[What is expected] From first line to last, print the records exactly, but leave out the pictures.

··· Input ···

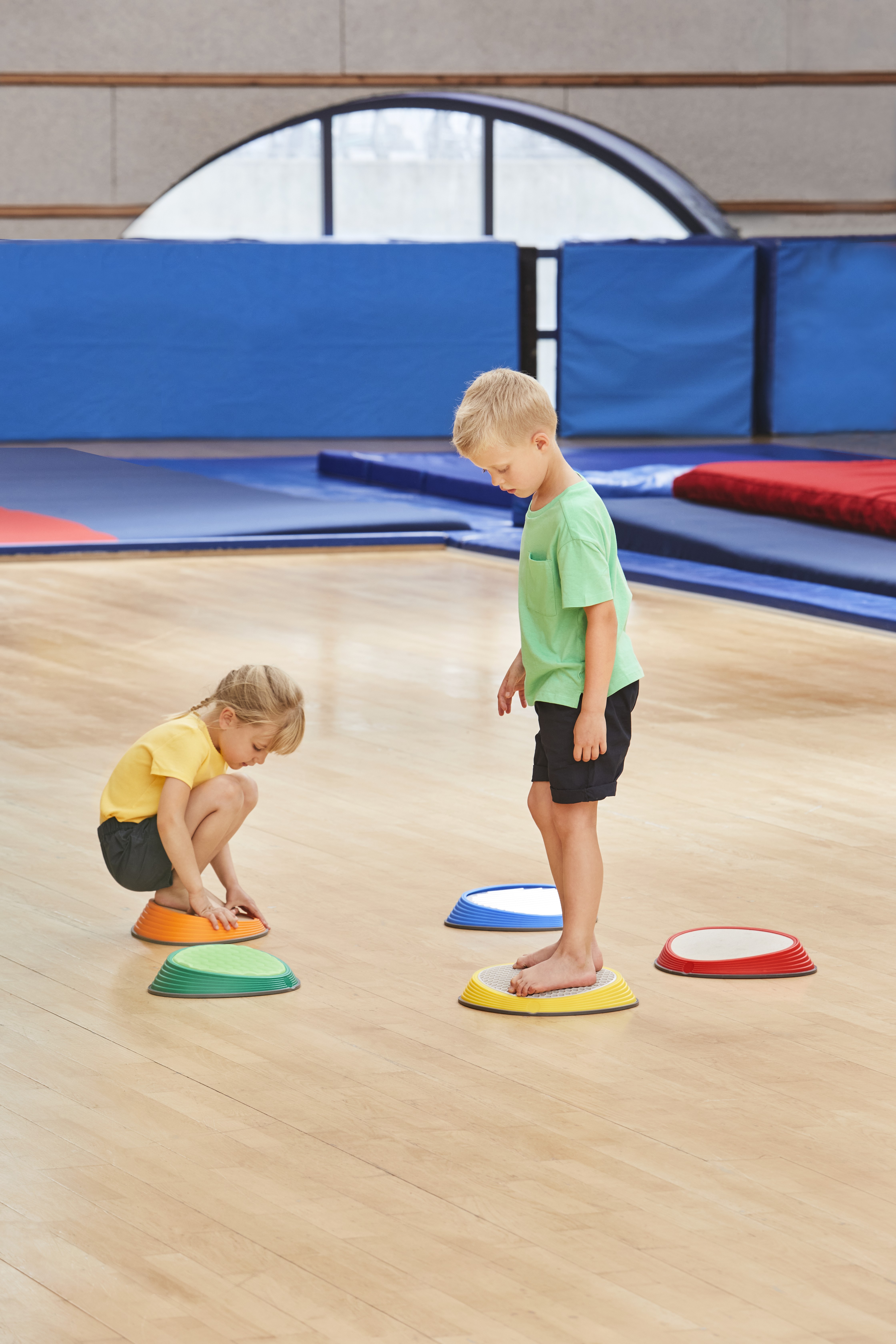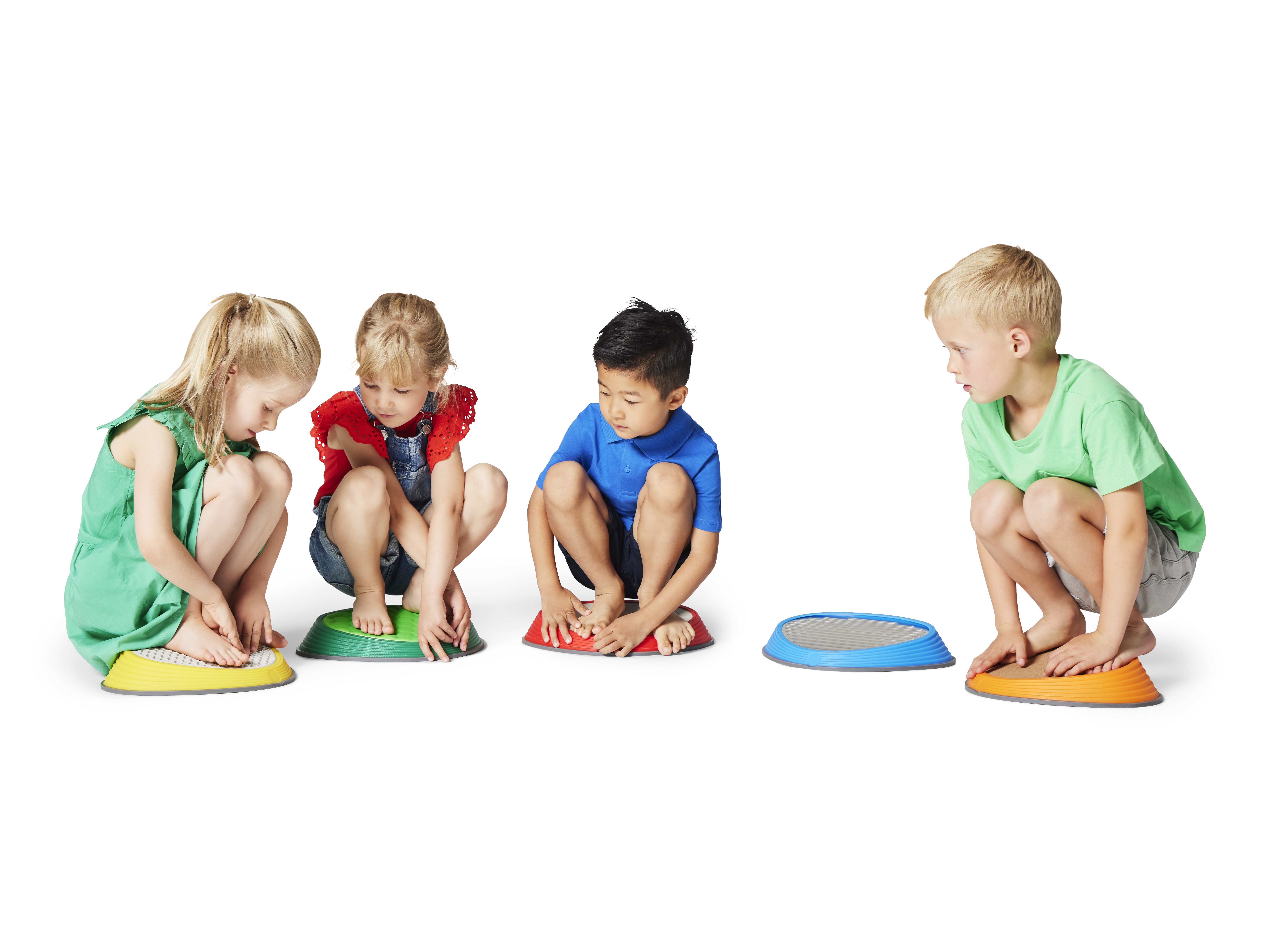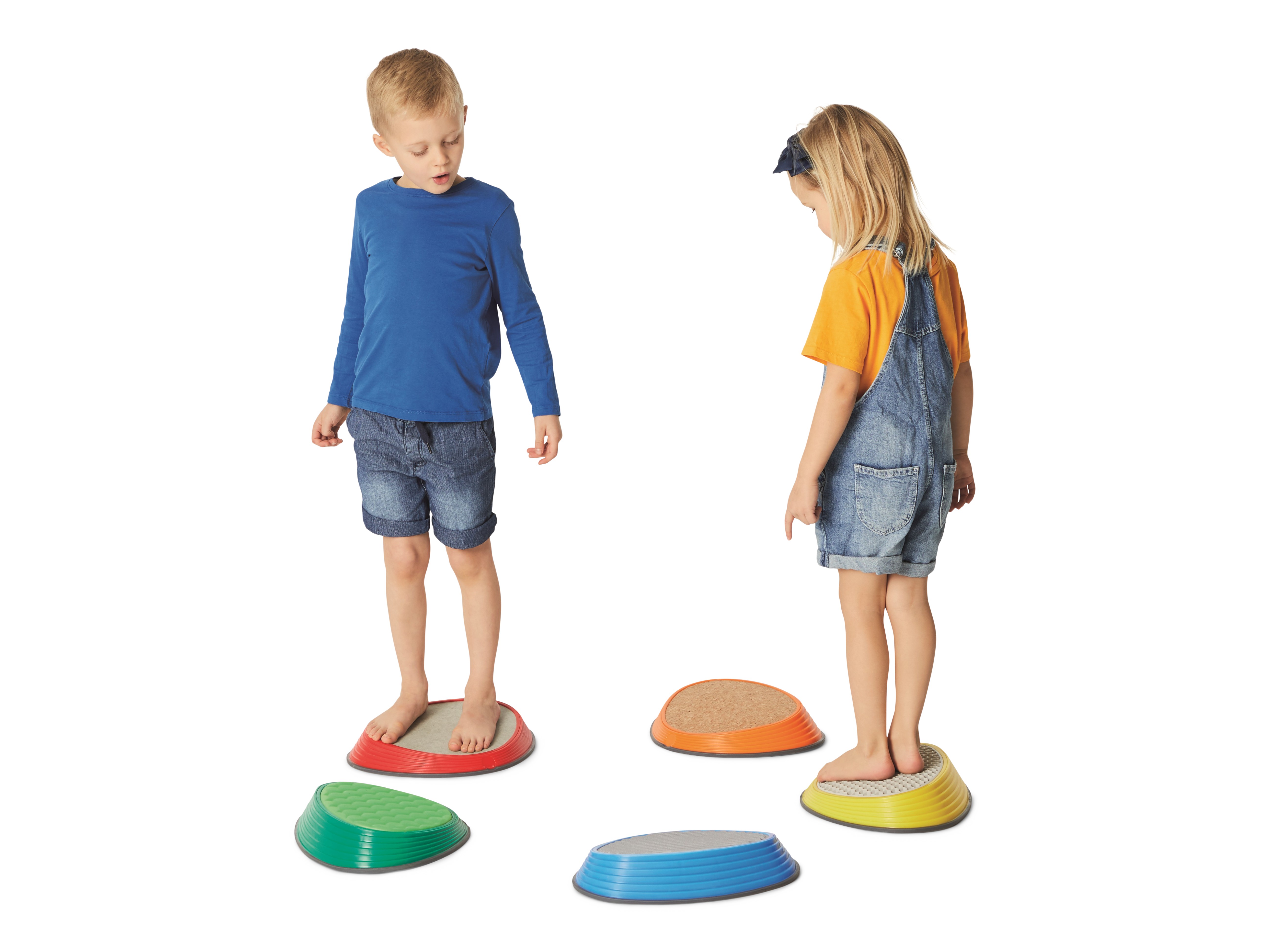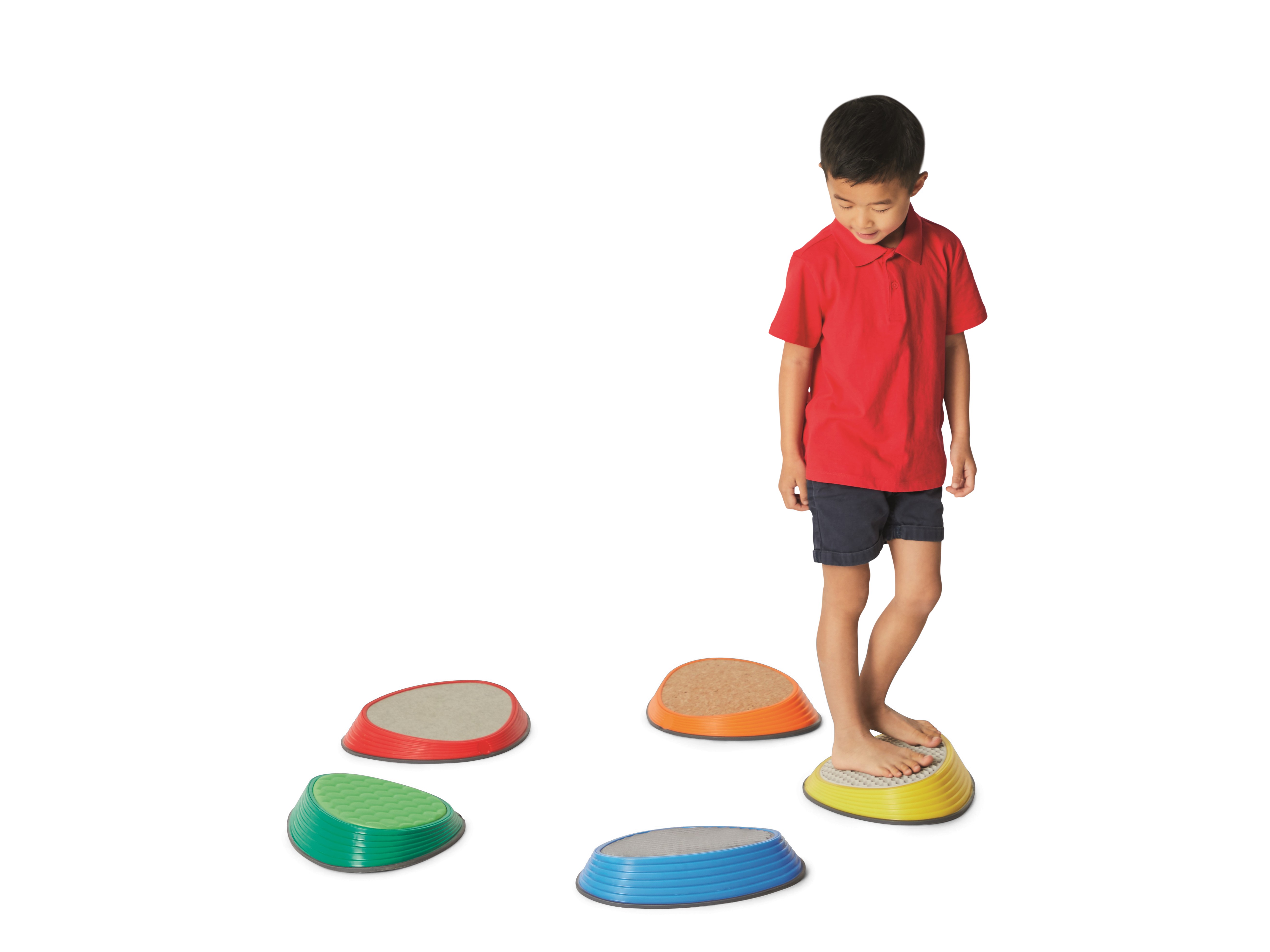 River Stones Tactile Set brings five distinct surfaces into one collection. Each stone features a different material—cork, aluminium, foam, TPE rubber, and concrete—selected for clear contrasts in firmness, temperature, texture, and grip. This variety engages tactile receptors in feet and hands, sharpening discrimination and encouraging confident foot placement. A gentle slope increases forefoot pressure to amplify sensory feedback and support balance, alignment, and motor control. Suitable for free exploration and structured training, the set integrates naturally into play spaces, therapy rooms, and PE sessions.
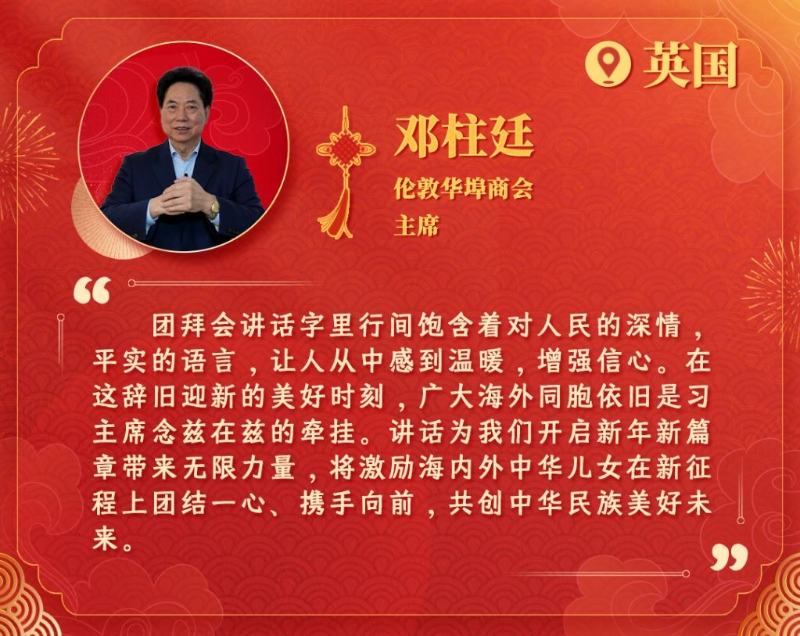 新春佳節(jié)到來之際,我駐外人員、華僑華人和留學生聆聽了習近平總書記在春節(jié)團拜會上的講話,深感溫暖與振奮,紛紛表示將積極響應(yīng)習近平總書記的號召,在充滿光榮和夢想的新征程上腳踏實地,埋頭苦干,接續(xù)奮斗,創(chuàng)造更加美好的未來。
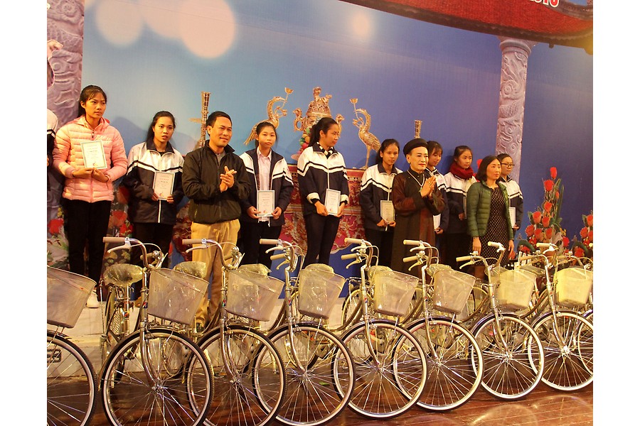 Trong dịp này, các nghệ nhân thanh đồng tặng 50 chiếc xe đạp với tổng trị giá 80 triệu đồng hỗ trợ các em học sinh có hoàn cảnh đặc biệt khó khăn học giỏi của 5 trường THPT trên địa bàn thành phố. 50 học sinh được tặng xe đạp dịp này đến từ các huyện Kiến Thụy, Cát Hải, Vĩnh Bảo, Tiên Lãng và Thủy Nguyên./.
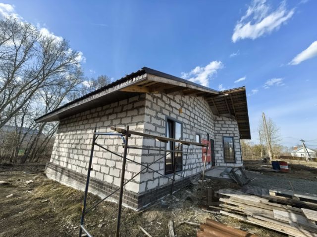 Дом состоящий из 3 комнат, утеплен каменной ватой Технониколь-100мм, обшит листом, кровля из металлопрофиля.
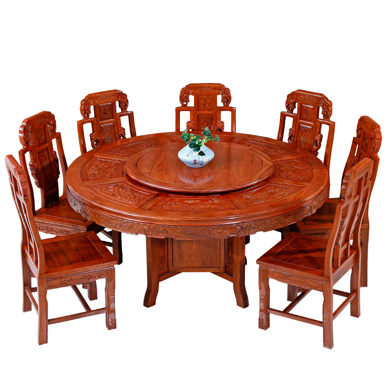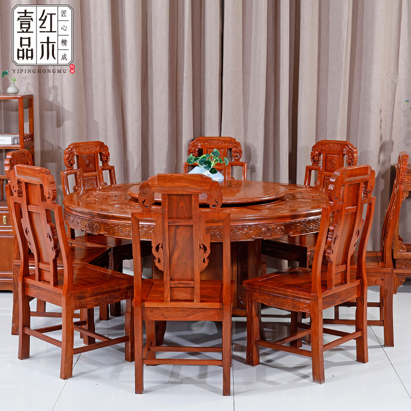 红木刺猬紫檀圆形家用餐桌带转盘黄花梨桌椅8人10人中式吃饭桌
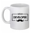 Нанести принт Senior developer на глянцевую керамическую чашку можно только на наружную сторону. Цвет принта можно заказать любой!

···

[Result for this exercise]
 River Stones Tactile Set brings five distinct surfaces into one collection. Each stone features a different material—cork, aluminium, foam, TPE rubber, and concrete—selected for clear contrasts in firmness, temperature, texture, and grip. This variety engages tactile receptors in feet and hands, sharpening discrimination and encouraging confident foot placement. A gentle slope increases forefoot pressure to amplify sensory feedback and support balance, alignment, and motor control. Suitable for free exploration and structured training, the set integrates naturally into play spaces, therapy rooms, and PE sessions.
 新春佳節(jié)到來之際,我駐外人員、華僑華人和留學生聆聽了習近平總書記在春節(jié)團拜會上的講話,深感溫暖與振奮,紛紛表示將積極響應(yīng)習近平總書記的號召,在充滿光榮和夢想的新征程上腳踏實地,埋頭苦干,接續(xù)奮斗,創(chuàng)造更加美好的未來。
 Trong dịp này, các nghệ nhân thanh đồng tặng 50 chiếc xe đạp với tổng trị giá 80 triệu đồng hỗ trợ các em học sinh có hoàn cảnh đặc biệt khó khăn học giỏi của 5 trường THPT trên địa bàn thành phố. 50 học sinh được tặng xe đạp dịp này đến từ các huyện Kiến Thụy, Cát Hải, Vĩnh Bảo, Tiên Lãng và Thủy Nguyên./.
 Дом состоящий из 3 комнат, утеплен каменной ватой Технониколь-100мм, обшит листом, кровля из металлопрофиля.
 红木刺猬紫檀圆形家用餐桌带转盘黄花梨桌椅8人10人中式吃饭桌
 Нанести принт Senior developer на глянцевую керамическую чашку можно только на наружную сторону. Цвет принта можно заказать любой!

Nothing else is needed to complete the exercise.